L’ouverture des infrastructures est une bonne nouvelle pour la concurrence car les travaux de génie civil représentent la part la plus importante des investissements en matière de fibre optique. France Télécom dispose de près de 350.000 kilomètres de « tranchées » et pas moins de 1 million de kilomètres de gaines selon le régulateur du marché français.

Rappelons qu’en juin 2007, Free a déposé une plainte devant le Conseil de la concurrence. Le FAI accuse France Télécom de l’empêcher d’accéder correctement à ses gaines en vue d’y faire passer de la fibre optique.

D’ailleurs, le trublion des télécoms, ainsi que Viviane Reding, la commissaire à la Société de l’Information de la Commision européenne veulent aller plus loin. Ils plaident pour une séparation en deux branches des opérateurs historiques en situation de quasi monopole. Avec d’un côté, une division pour les services et une autre pour le réseau afin de permettre à la concurrence d’utiliser leurs infrastructures. Radicale, cette solution est encore à l’état de projet en Europe.
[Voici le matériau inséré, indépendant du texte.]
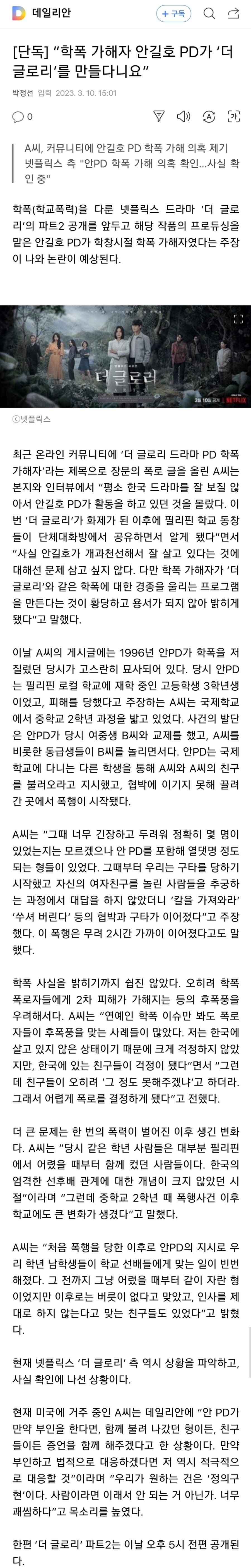 학폭 가해자 안길호PD가 더 글로리를 만들다니 ㄷㄷ
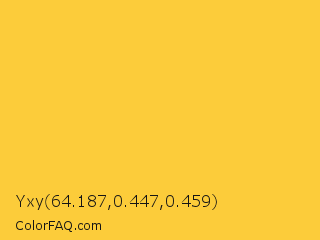 Yxy 64.187,0.447,0.459 Color is a light orange color and the nearest color is Bright Sun #fed33c. Hex code #fccc3a and RGB value is rgb(252,204,58). In RGB color space, this color is composed of 99% red, 80% green, 23% blue, In CMYK color space, this color is composed of 0% cyan, 19% magenta, 77% yellow , 1% black , In HSL color space, this color has a hue angle of 45° , 97% saturation and 61% lightness.
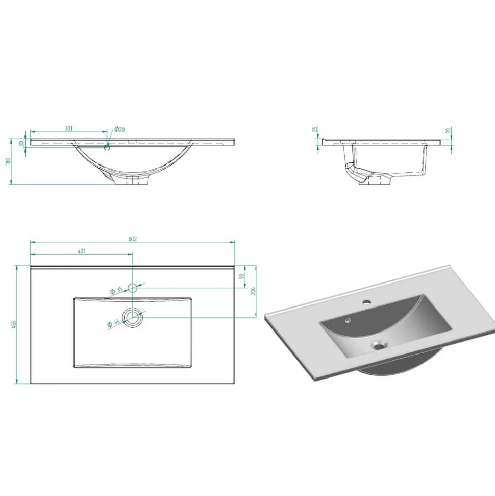 Im Lieferumfang enthalten ist ein pflegeleichtes, weißes Mineralgussbecken, das nicht nur durch seine moderne Formgebung überzeugt, sondern auch mit einer porenfreien, hygienischen Oberfläche punktet. Die Innenmaße von 46 x 13 x 27 cm bieten ausreichend Tiefe für den täglichen Komfort. Für eine unkomplizierte Montage sind die Armaturenlöcher bereits vorgebohrt, sodass Sie die Armatur Ihrer Wahl problemlos installieren können. Bitte beachten Sie, dass Armatur und Abflussrohr-Set nicht im Lieferumfang enthalten sind – das bietet Ihnen maximale Flexibilität bei der Gestaltung. Der Waschtisch wird zerlegt geliefert und lässt sich dank der beigelegten, bebilderten Aufbauanleitung schnell und unkompliziert selbst montieren.
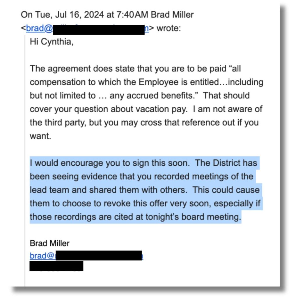 “I would encourage you to sign this soon,” Miller said about the severance deal in an email back-and-forth. “The District has been seeing evidence that you recorded meetings of the lead team and shared them with others. This could cause them to choose to revoke this offer very soon.”
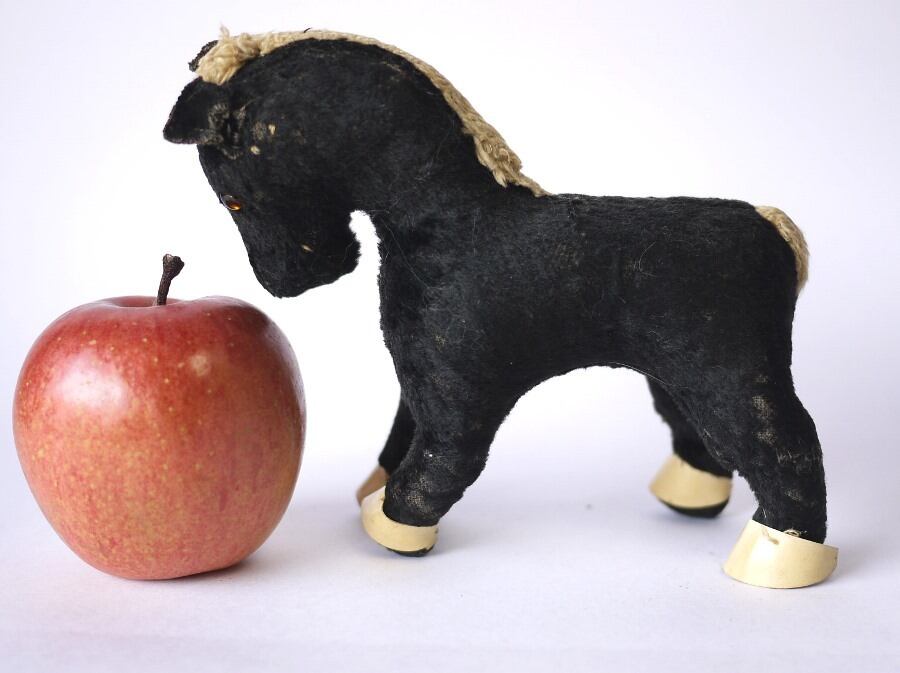 アンティーク UK 黒い馬のぬいぐるみ イギリス グラスアイ 木毛詰め
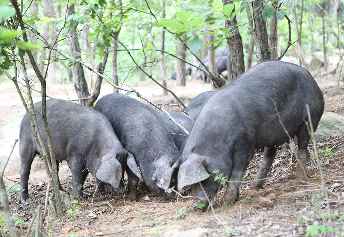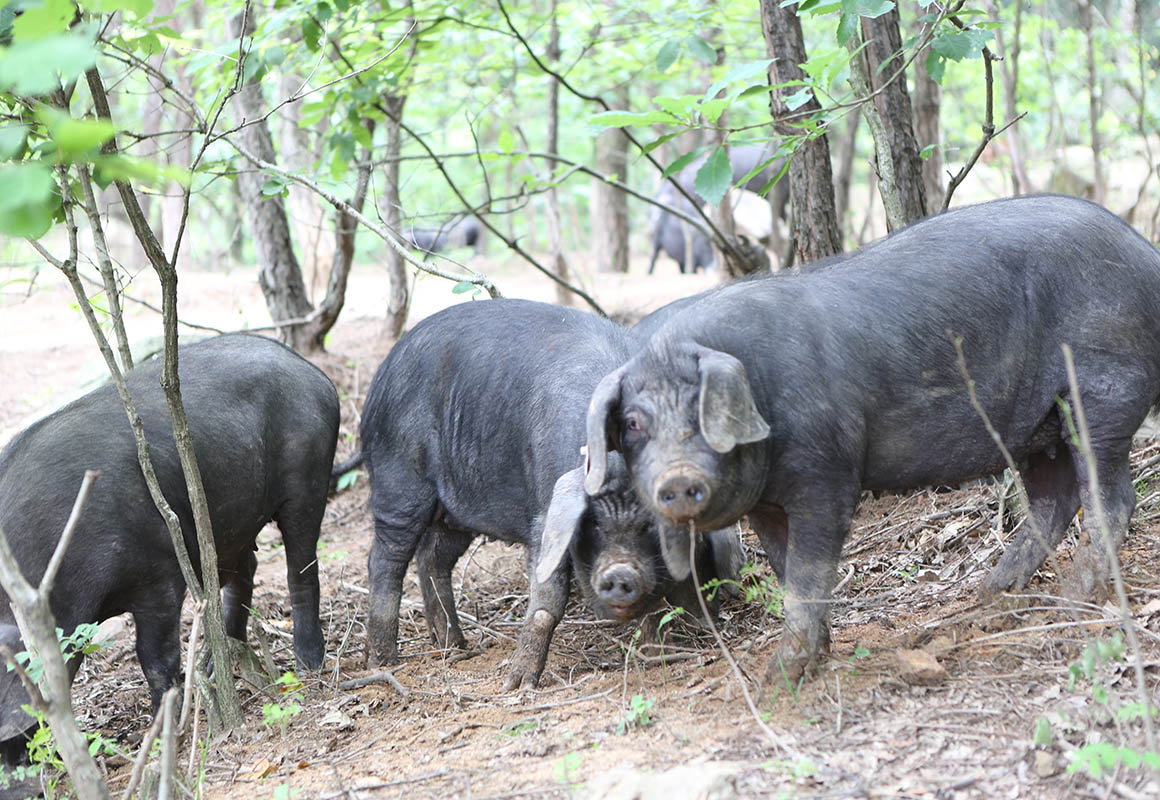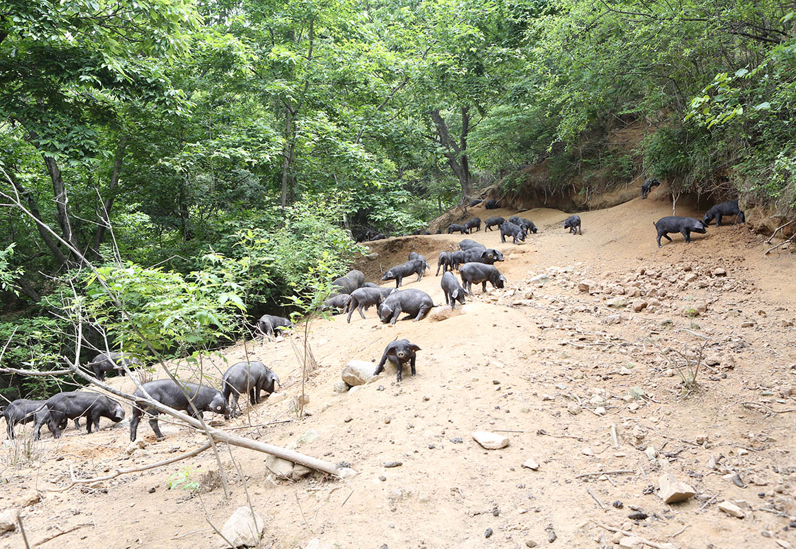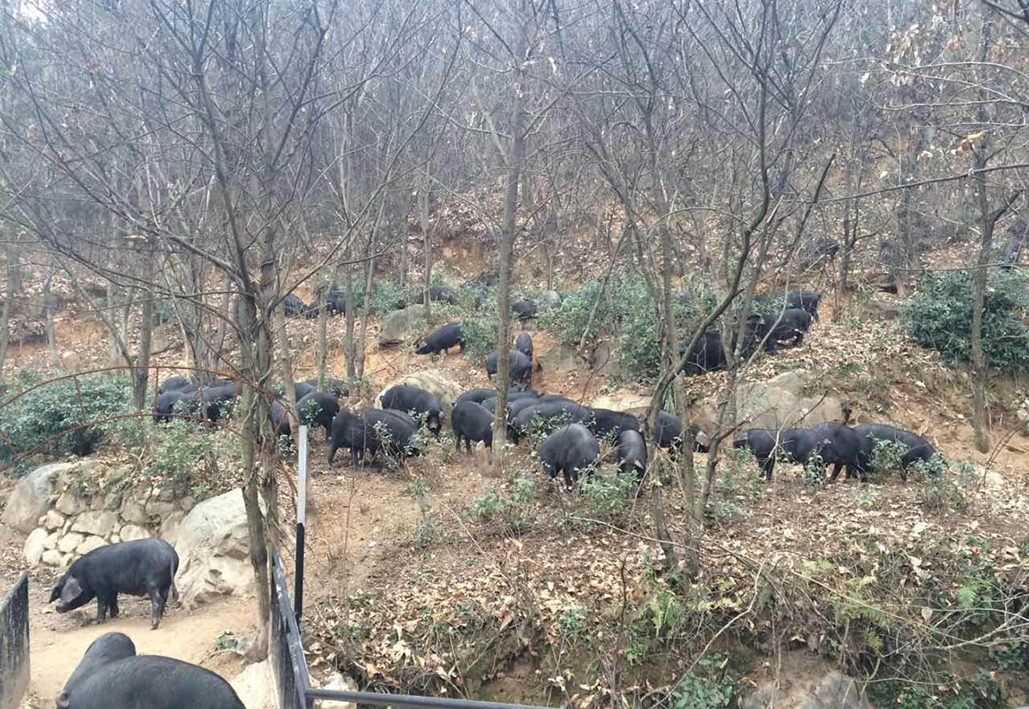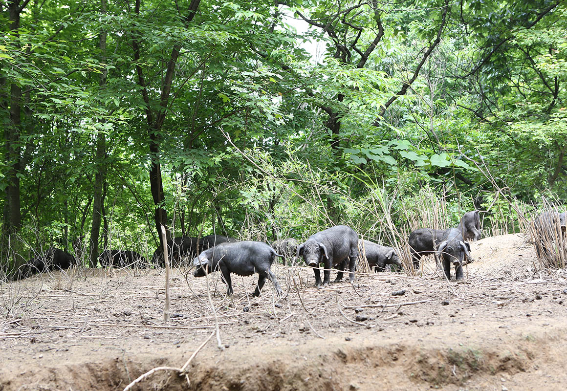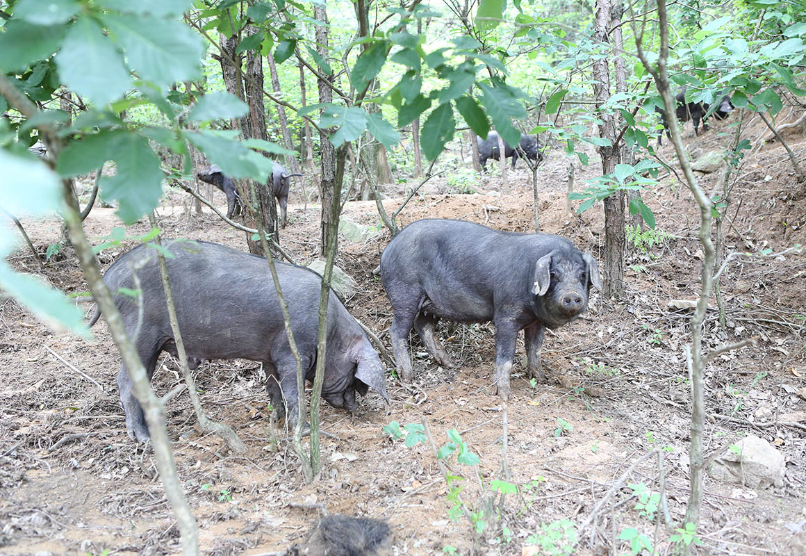 散放中的黑毛豬

La décision de France Télécom devrait également un peu rassurer les associations de consommateurs qui craignent que France Télécom se retrouve en situation de monopole. Si dans les égouts, la question semble aujourd’hui réglée, reste le problème des immeubles (la dernière partie de fibre montant jusqu’aux foyers).

L’UFC craint ainsi que le premier arrivé, soit le premier servi. « La conquête des foyers a commencé, les différents fournisseurs d’accès internet (FAI) déploient avec précipitation leurs réseaux pour préempter au plus vite les zones géographiques les plus intéressantes. En effet, l’équipement des bâtiments en fibre optique implique de lourds travaux de génie civil, coûteux et générant beaucoup de nuisances, qui ne pourront pas être dupliqués. Si bien que le FAI qui déploie en premier son réseau dans une copropriété, a de fortes chances d’être le seul à le faire ! Or, il n’existe aujourd’hui aucun cadre réglementaire contraignant les FAI à partager leurs réseaux. Le FAI qui a équipé un bâtiment est donc en position de monopole sur ce dernier. Il est libre de pratiquer les prix qu’il souhaite et si le consommateur n’est pas satisfait et souhaite changer d’opérateur il devra déménager ! »

Une crainte encore une fois balayée par l’opérateur. « Dans les immeubles, nous sommes parfaitement prêts à cohabiter avec nos concurrents »,souligneRené Pierre Bideaud.Même si dans les faits, la présence de deux opérateurs et de deux infrastructures dans les immeubles risque de se heurter à des problèmes concrets d’espace.